Abstract:
A wireless microphone and receiver in which the receiver output is muted whenever there is insufficient carrier present at the receiver to provide a clear noise free recovered audio or when there is radio frequency interference of a nature in strength to cause amplitude modulation on the IF envelope at the input to the FM detector. The invention places the receiver into a sampling mode whenever it is in a muted condition to conserve batteries and to provide a visual indication of such condition.

Description:
BACKGROUND OF THE INVENTION 
     1. Field of the Invention 
     This invention relates in general to remote microphones and receivers and in particular to a novel circuit for muting the output of the receiver under certain conditions. 
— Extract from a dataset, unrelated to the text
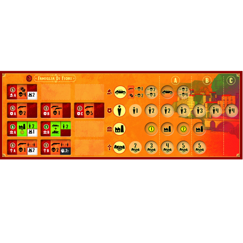 Chaque manche se divise en deux phases : la planification et l’exécution. Lors de la planification, vous développez vos compétences, recrutez des miliciens et préparez vos ordres sur le plateau. Ce n’est qu’ensuite que ces ordres sont révélés et exécutés. Utilisez vos hommes de main pour attaquer ou commettre des attentats afin de dominer le plus de régions possible. Un système de combat simple et innovant transforme chaque affrontement en duel psychologique. Seule l’équipe qui saura le mieux combiner les points forts des familles qui la composent remportera la victoire.

     2. Description of the Prior Art 
     Remote microphones which comprise means for transmitting an audio signal on a radio frequency carrier and which utilize a radio receiver for detecting the radiation and demodulating it are well known. However, in such systems of the prior art when the microphone user moves out of range of the receiver or wherein spurious radiation such as police radio stations or other radiation are present can interfere and cause undesirable noise and audio signals to be reproduced at the receiver. For example, in an auditorium where a remote wireless microphone is being used if a police car or other vehicles were to pass the auditorium and radiate a spurious signal it is possible with present day wireless microphones and receivers that such spurious signal would be detected and interfere with or even be reproduced at the output of the receiver. 
     SUMMARY OF THE INVENTION 
     The present invention provides a wireless microphone and receiver which utilizes a squelch circuit and also has a secondary squelch circuit which is triggered by the presence of any amplitude modulation, and which operates without audible switching noise. In the present invention, the receiver is muted so that the audio is disconnected from the output amplifier-speaker 27 when there is insufficient carrier present at the receiver input to provide clear noise free recovered audio. Also, the receiver is muted when the radio frequency interference is of a nature in strength to cause the amplitude modulation to be present on the IF envelope at the input to the FM detector. The invention places the system into a sampling mode whenever it is in the muted condition so as to conserve batteries and also provides a visual indication of that condition. 
     Other objects, features and advantages of the invention will be readily apparent from the following description of certain preferred embodiments thereof taken in conjunction with the accompanying drawings, although variations and modifications may be effected without departing from the spirit and scope of the novel concepts of the disclosure, and in which: 
    
    
     BRIEF DESCRIPTION OF THE DRAWINGS 
     FIG. 1 is a block diagram showing the remote microphone with the transmitter and receiver; 
     FIG. 2 is a block diagram of the invention in the receiver; and 
     FIG. 3 is a detail schematic view of the invention. 
    
    
     DESCRIPTION OF THE PREFERRED EMBODIMENTS 
     FIG. 1 illustrates a remote microphone comprising a microphone and transmitter 10 and a receiver 11 which is connected to a suitable audio output as for example, an audio power amplifier and speaker. 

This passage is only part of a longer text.